Apple could choose multiple partners for generative AI on iPhone


Apple is reportedly in talks with Alphabet, OpenAI, and Anthropic about using generative AI in iOS 18. Instead of committing to a single partner, Apple could rely on multiple vendors and open up iPhone AI to developers.

According to Bloomberg’s Mark Gurman, Apple is currently in talks with several potential partners about integrating generative AI into the upcoming iOS 18 operating system.

These partners include Google, OpenAI and Anthropic. Talks with Google are most active in the USA. In China, Apple is reportedly negotiating with Baidu.

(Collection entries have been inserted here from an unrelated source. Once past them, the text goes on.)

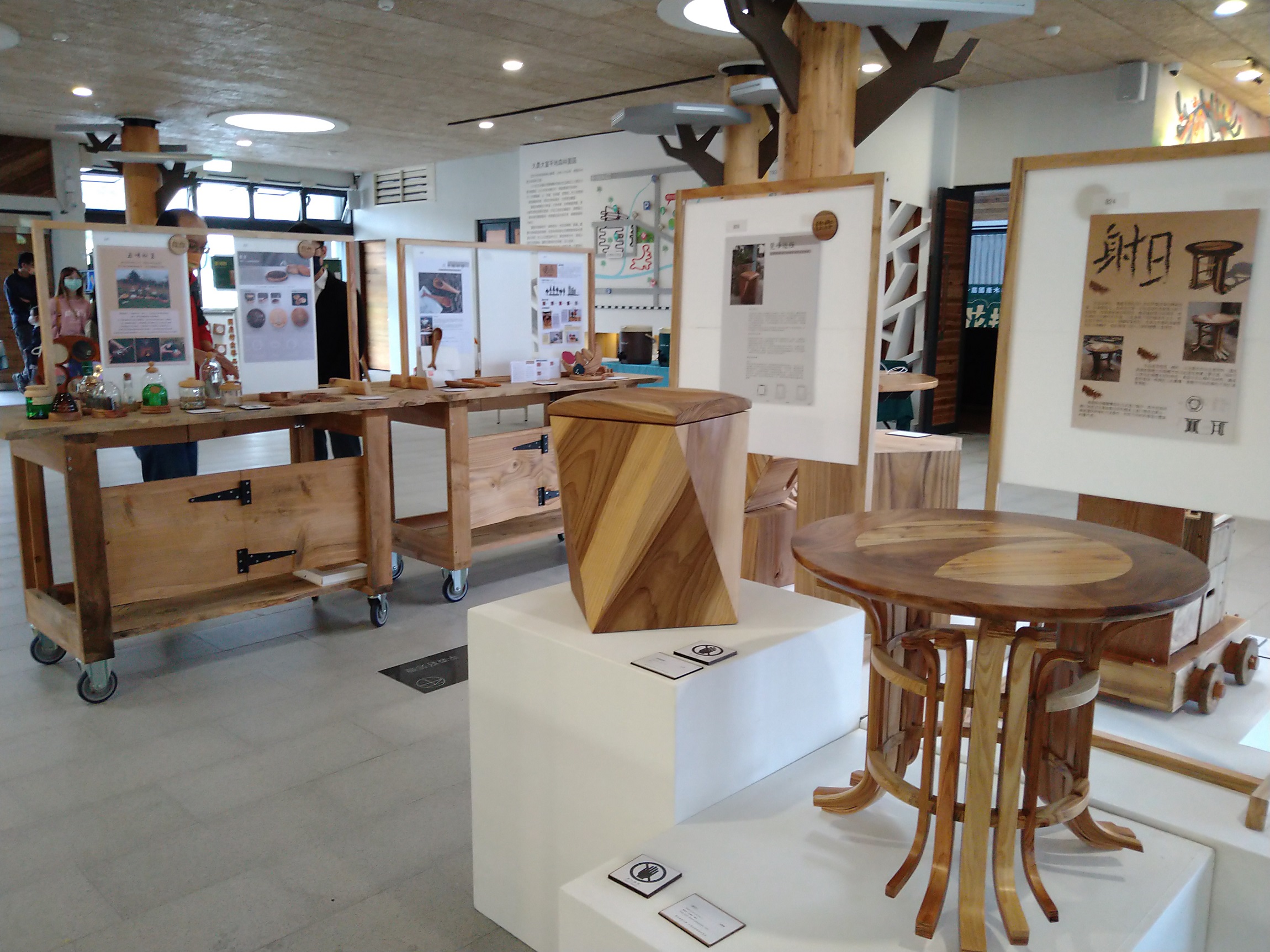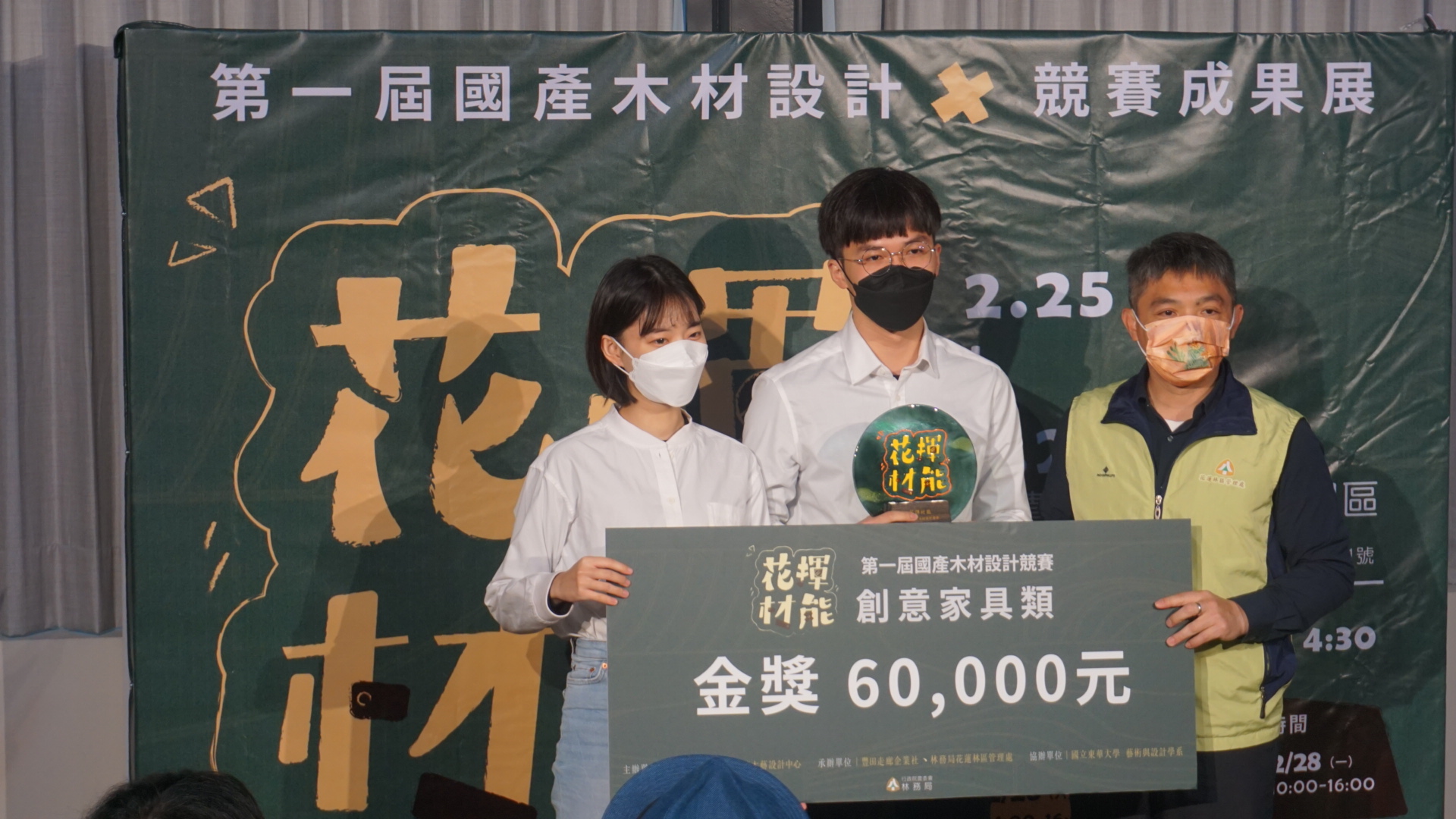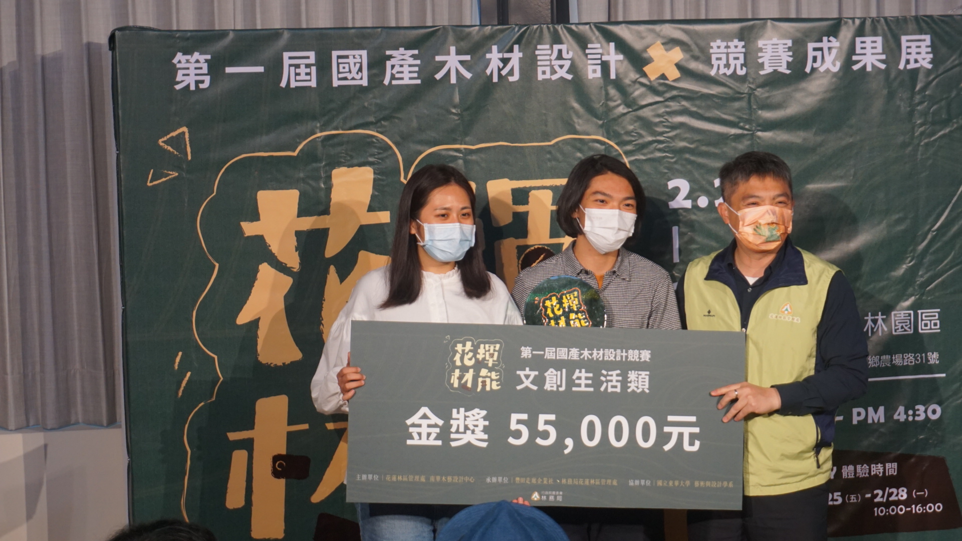 花蓮林區管理處今(26)日於大農大富平地森林遊樂區遊客中心辦理「花揮材能--國產木材設計競賽」決選及頒獎,參與創作競賽者全為大專院校森林及設計相關學系學生,競爭激烈,共有24間學校,92件作品,決選獲獎作品共29組,充滿巧思創意,專業且實用。最後「文創生活類」金獎由清華大學江登豐及屏東科技大學劉璇的作品「鋸樂部」獲得,獎金伍萬伍仟元,「創意家具類」金獎獲獎者為東海大學張景程、李冠緹的作品「再•見林田山」,獎金陸萬元。 林管處長黃群策表示,林務局近年積極推動愛用國產材政策,這是花蓮首次「國產木材設計競賽」展覽,希望愛用國產材政策,向下扎根。使用國產材不僅可減少進口木材的碳足跡,也可促進臺灣林業發展,希望藉此增進台灣國產材的多樣性利用,提高木材附加價值,推動多元文化創意產業發展。 為提升國產材價值,林管處110年6月開始受理第一屆「花揮材能-國產木材設計競賽」報名,創作主題以林田山林業文化園區、大農大富平地森林園區及池南國家森林遊樂區為意象背景,設計具有特色的國產材木作品,林管處提供初選入選者國產材木料,用以製成作品,本次展出全部初賽入選作品。 展出期間設有「票選區」,遊客可評選自己喜歡之國產材宣導品,參加投票即有機會獲得神秘國產材小禮物。展場旁「國產材木工DIY體驗區」,提供彩繪環頸雉手機架、大冠鷲書擋、原木鋼珠筆等3種付費DIY課程,歡迎連假期間來平森遊玩,體驗動手做的樂趣,與家人共創美好回憶。
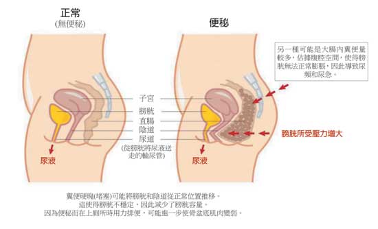 How constipation affects bladder controlConstipation can cause accidential leakage from your bladder. An overfull bowel will cut down the volume of urine your bladder can hold and you will feel the need to go to the toilet often and in a hurry. ![]() | 便秘如何影響小便控制便秘可引起膀胱意外漏尿。大腸過滿會减少膀胱能够存有的尿量,你會經常覺得要上厠所,而且尿急。 ![]() |
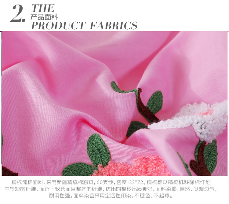 商品名称:13372田园风全棉毛巾绣四件套纯棉绣花全棉刺绣桃花朵朵粉色
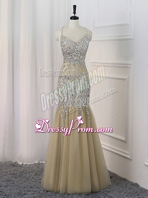Neckline : StrapsShown Color : ChampagneSilhouette : MermaidSleeve Length : sleevelessHemline : floor lengthBack Detail : BacklessFabric : SequinedEmbellishment : SequinsOccasion : Prom,Sweet 16Season : Spring,Summer,Fall,Winter
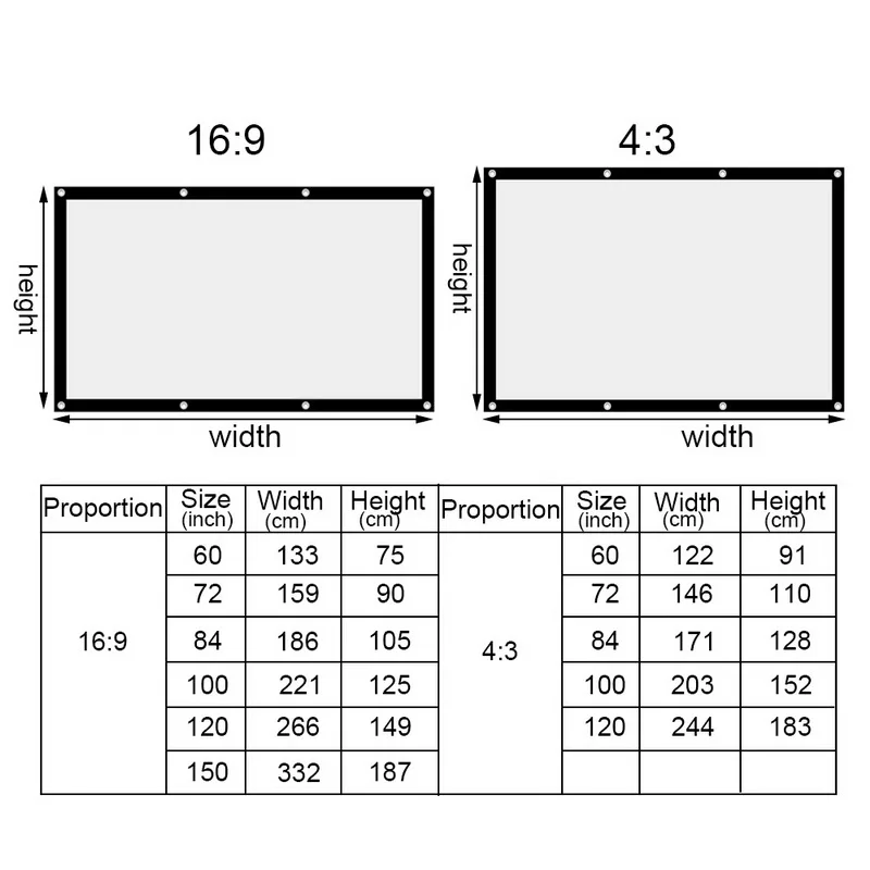 <Анти-складки> проекционный экран сгущен и гладкий, не мнется в сложенном виде или не измельчается. Вам не нужно терять время, оставляя экран на несколько дней или глаживая его.
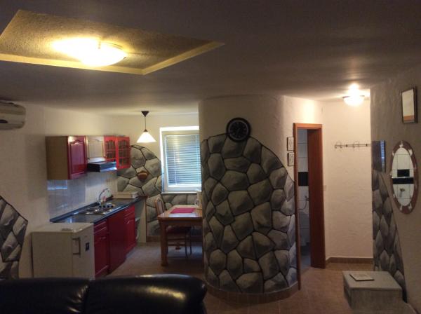 Cozy and nicely arranged family home in the upper district. Through the road is a shop, a beautiful natural beach takes you 5 min. , To the center 10 min. The center has all the necessary contents of the pharmacy, doctor, post office, coffee shops. From the house there is a beautiful view of the sea and the islands. All you need is available 24 hours. Barbecue is also on offer, and the special benefit for the guests of the Big Apartment staying in 6 and 9 months is SKUTER VESPA, and 7 and 8 months upon agreement. Car parking is covered, one kind of open garage, so your car pet does not burn in the sun.

The idea is that a chatbot service like Google’s Gemini would be deeply integrated into Apple’s operating systems, while Apple’s own AI engine would take on background tasks in the new software.



The exact terms of a potential partnership, including whether it will happen at all, are still up in the air, Gurman said. An exclusive partnership between the two companies would be risky given the antitrust scrutiny of both Apple and Google.

Apple could rely on several partners for generative AI

It seems more likely that Apple will work with multiple partners and open up iOS to third-party generative AI systems. If Apple works with multiple services, the model could be similar to choosing the search engine provider for the web browser:

The question, however, is why Apple needs – or wants – to rely on outside providers for such an important feature instead of developing it in-house. Gurman suggests a number of possible reasons:

  • Apple could pay to integrate third-party AI. Google could become the preferred provider on iPhones and Android devices.

This could be similar to the current and controversial search engine deal between Apple and Google, which could be upended by the Digital Markets Act. Google pays Apple about $20 billion a year to remain the default search engine on the iPhone. That seems the most likely motivation.

  • Perhaps Apple does not believe in the added value of AI chatbots, but wants to meet user demand and make money.

That sounds like a fair point. Chatbots are not yet a proven business model. ChatGPT on the web isn’t growing anymore, and OpenAI’s attempts to accelerate growth through plugins or GPT have failed so far.